ECEF panelists say organizers need to invest more in events, develop marketing around social causes to appeal to young attendees
Talking profits: From left, Rick McConnell of Informa Markets, Linda Gray Martin of RSA Conferences, and Dennis Smith of Messe Frankfurt.
June 21, 2019
By William Ehart
The events industry is lucrative, but show organizers need to invest in ever more advanced marketing tools, enhance attendee experience and appeal to new generations.
“We have much more sophisticated marketing automation tools these days, and technology in general, to be able to mine attendee data and really drill down into what they want, need and what they expect,” said Linda Gray Martin, director and chief of operations at RSA Conferences, which runs cybersecurity industry events.
“At the same time, we have more sophisticated event platforms, which allow us to serve up content and activities that match those attendee requirements,” she told CEO Update.
“The trend is to increase the amount of money that’s invested back into events in order to create these personalized experiences, to keep education moving forward and to keep the event industry moving forward,” she said.
“What’s really interesting is that our industry as a whole has matured to the point where events almost run like individual businesses or business units,” she said. “With that comes the understanding of business intelligence and the needs of attendees, the importance of reinvesting back in the business.”
Some of that investment should be in artificial intelligence, Martin said.
“Artificial intelligence is going to make it easier to match what the events offer with what an attendee wants,” she said. “In essence, the events are going to be able to talk individually to the attendees so that they can get specifically what they need from the event quickly and efficiently.”
Without more investment in personalization, show attendance will decline, she said.
But technology is not the only thing driving increased marketing costs.
Rick McConnell, president for North America of Informa Markets, said younger generations of attendees expect greater social commitment from show organizers. (McConnell and Martin were part of a panel on trade show trends at the Exhibition and Convention Executives Forum at the JW Marriott hotel in Washington, D.C., in late May.)
He pointed to companies like TOMS Shoes, which donates to a charity of the consumer’s choice with every purchase.
Donating a couple of bucks per attendee to a cause or charity is not enough any more, he said at ECEF.
“(Causal marketing) has got to be embedded in your business model. Those are the kinds of things we’re looking at more and more and I would highly encourage those of you who have the ability to influence those kinds of decisions to look at the business model.
“And if it doesn’t have some sort of giveback element in it, we may be missing a very real opportunity. We may not be around in 10 years,” McConnell said.
The third panel member, Messe Frankfurt President and CEO Dennis Smith, said reinventing shows and more closely aligning with sponsors could ultimately boost profits.
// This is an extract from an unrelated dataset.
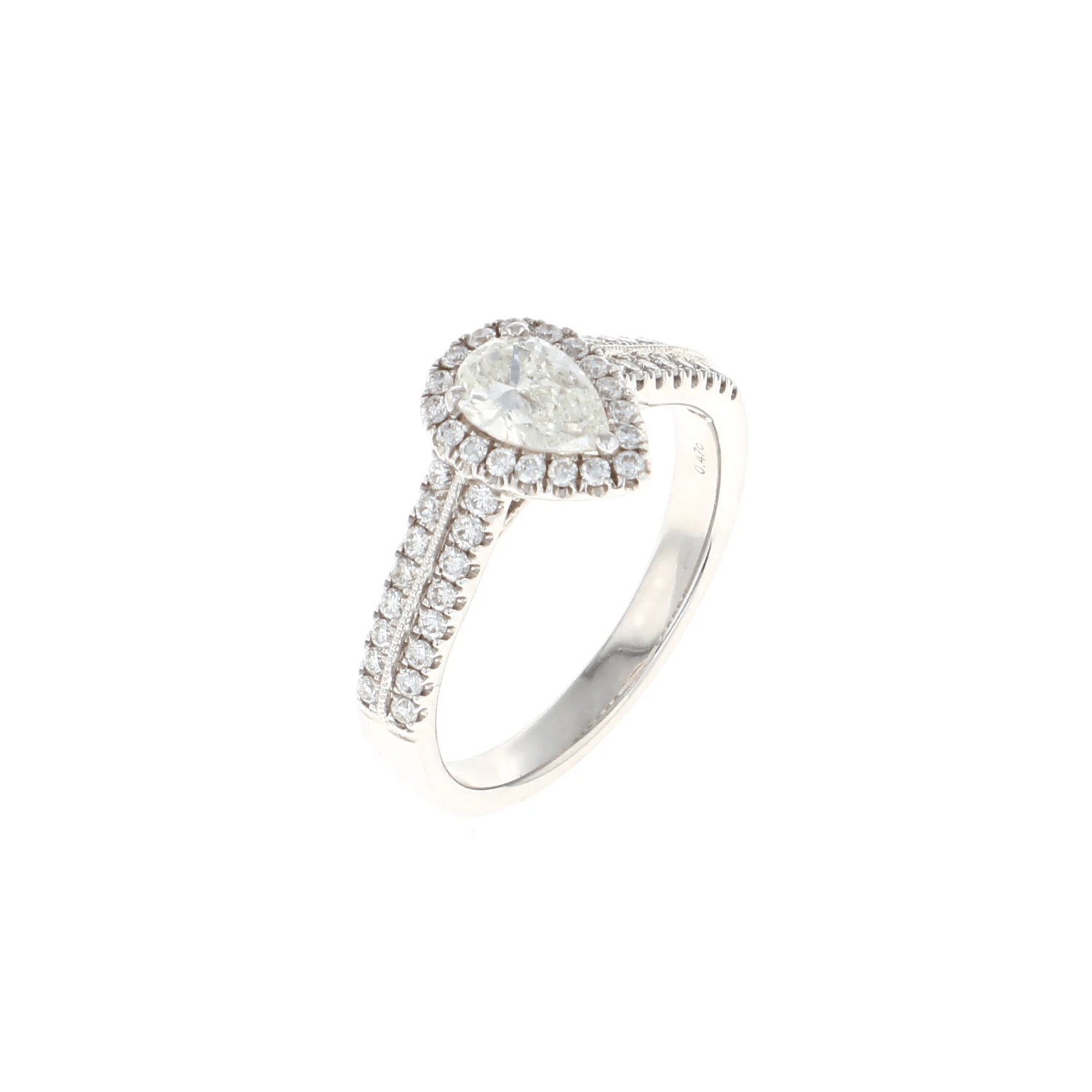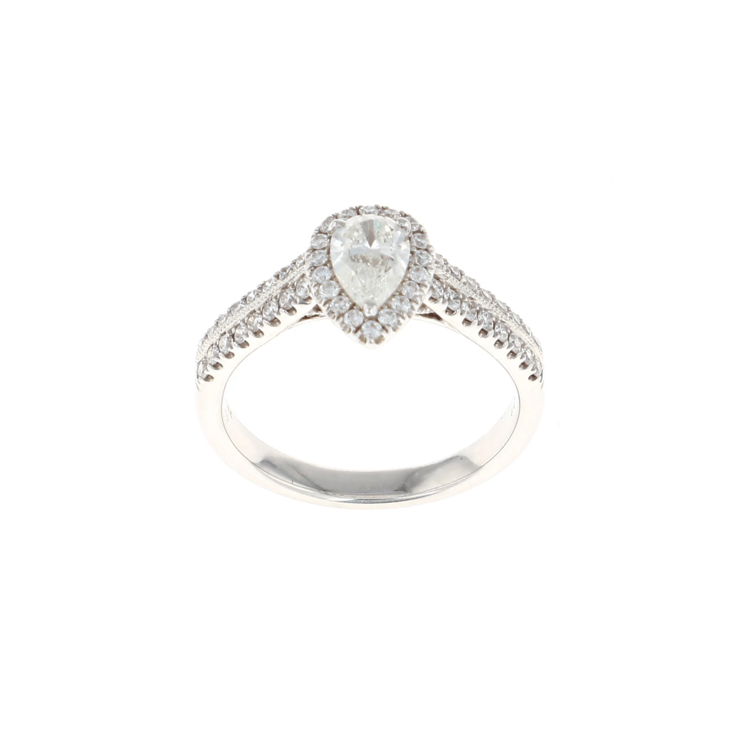 This engagement ring features a pear shaped center diamond with a halo and 1/2 way split shank pave semi mount set in 14K white gold.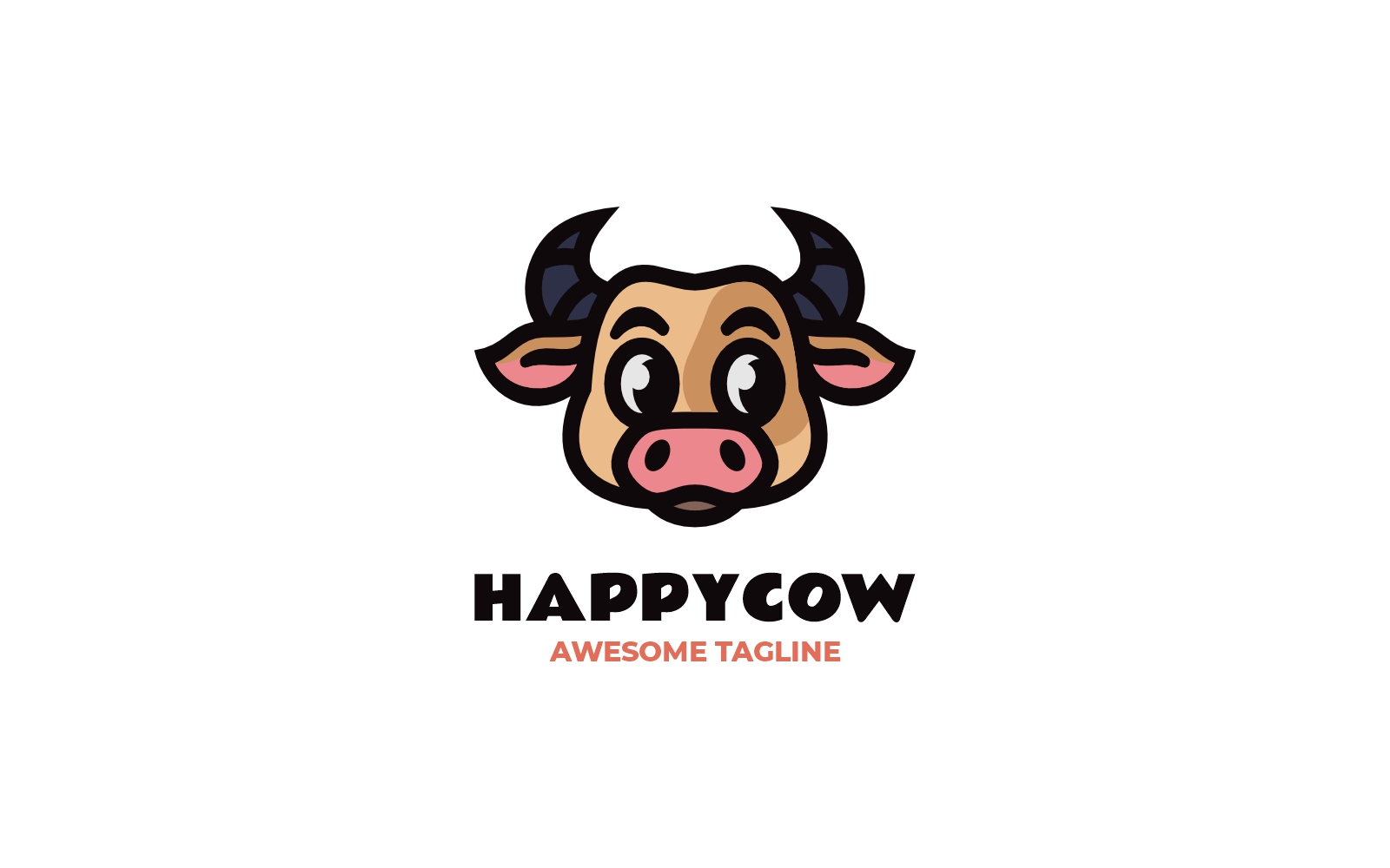 A cute and cheerful cow mascot with round eyes and a friendly smile, perfect for dairy products, farms, kids’ brands, or food packaging. Its simple and approachable design makes it versatile for fun, playful, and family-friendly branding. Fonts are not included but can be downloaded for free via the links provided in the documentation.

“What is the most profitable product that we promote?” Smith said. “I would say it’s sponsorships, and I think realigning ourselves with our sponsors and talking to our key exhibitors, and discussing what their objectives are is going to create some new models for pricing. And I believe those are going to be more profitable.”
Margins under pressure
Sam Lippman, president of Lippman Connects and organizer of the Exhibition and Convention Executives Forum, raised the issue of profits at the forum.
He later told CEO Update that show profits are at risk if producers fail to keep up with changing attendee and exhibitor demands.
“To remain relevant to both exhibitors and attendees, organizers are going to have to invest more in their events,” Lippman said. “More in attendee marketing, more in exhibitor services and more in on-site benefits to both.
“Organizers will see their margins decrease as they invest more in their events,” he said.
“I don’t see soon enough the awareness that these very unusual profit margins are going to have to be adjusted downward,” Lippman said.
“Unfortunately, people have short memories. Many events are at or exceeding pre-recession levels as far as size and profitability. It takes a very smart, strong individual to say when the cash is rolling in, ‘We need to invest more, we need to upgrade and we need to prepare,’ but that’s the best time to do it.”
Lippman noted that nearly half of the show-executive attendees responding to his ECEF Pulse poll are increasing their marketing budgets.
“That’s one indication that leadership is realizing that this stuff isn’t guaranteed,” he said. “The fact that you had a good show, a good convention, a good annual meeting, a good exhibition in 2019 does not mean it’s going to happen in 2020.”
Maximizing software tools
Marketing methods are becoming more sophisticated than some association marketing staffs can handle, said Kimberly Hardcastle-Geddes, president and chief account strategist at marking agency mdg. (Hardcastle-Geddes attended ECEF but was not on the panel.)
“The biggest factor is how complicated marketing is getting,” she told CEO Update. “So much of it is becoming data driven and digital, and it’s requiring a tremendous degree of coordination.”
Many associations are using automation tools like Eloqua but not getting the most out of them.
“They’re realizing as they’re starting to use them that they’re basically using about 20% of what the tools are capable of,” Hardcastle-Geddes said. “So oftentimes, they’re bringing us in as consultants to help them really maximize the investment that they’re making in technology.”